■ **Task details**
Return the whole listing unchanged. Drop the images.
[[ Data shown, beginning ]]
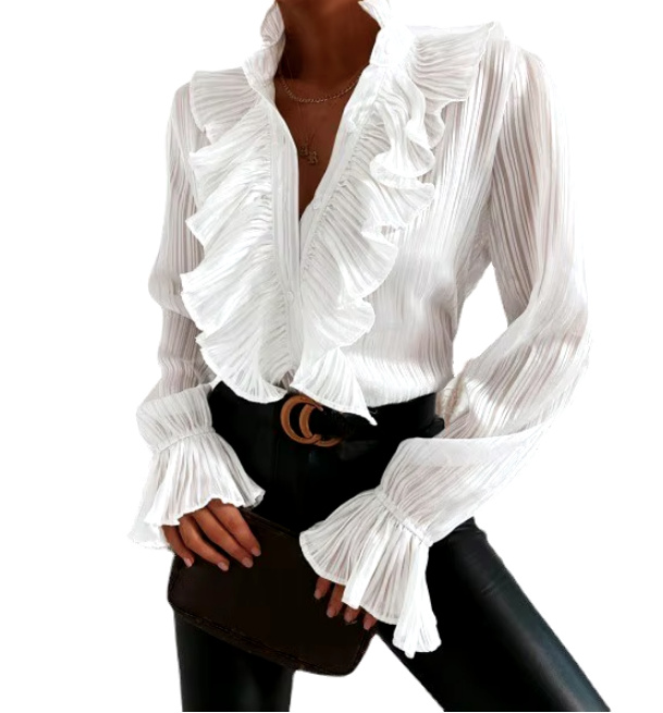 Long-sleeved chiffon blouse Eleonora for the registry office in white
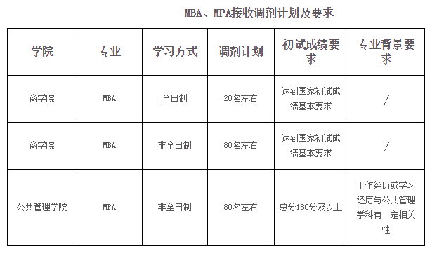 根據(jù)我校2019年碩士研究生一志愿生源情況,MBA、MPA專業(yè)學(xué)位可以接收部分生源調(diào)劑。
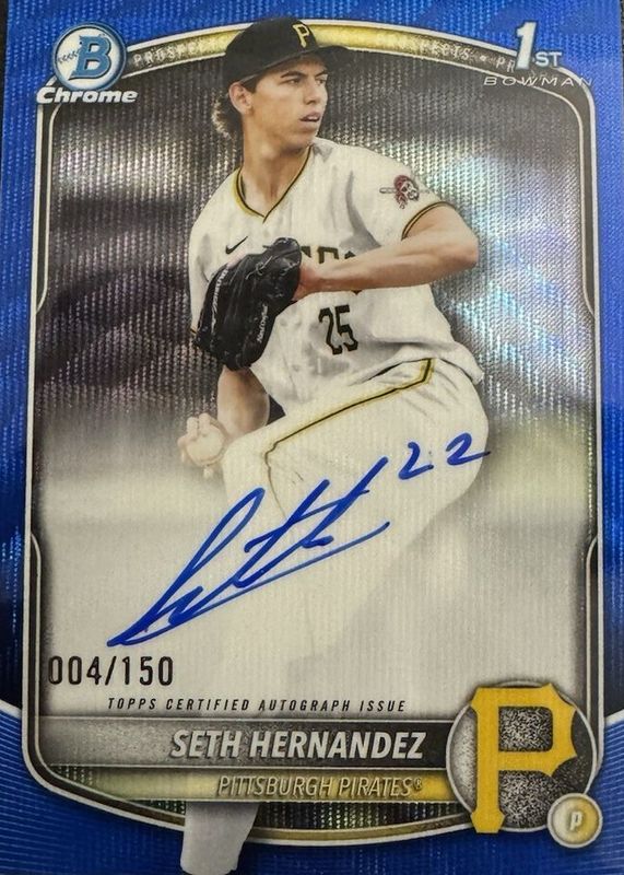 2025 Bowman Draft Chrome SETH HERNANDEZ BLUE WAVE Auto /150 1st Prospect Pirates
[[ Data shown, end ]]
■ **Response area**
 Long-sleeved chiffon blouse Eleonora for the registry office in white
 根據(jù)我校2019年碩士研究生一志愿生源情況,MBA、MPA專業(yè)學(xué)位可以接收部分生源調(diào)劑。
 2025 Bowman Draft Chrome SETH HERNANDEZ BLUE WAVE Auto /150 1st Prospect Pirates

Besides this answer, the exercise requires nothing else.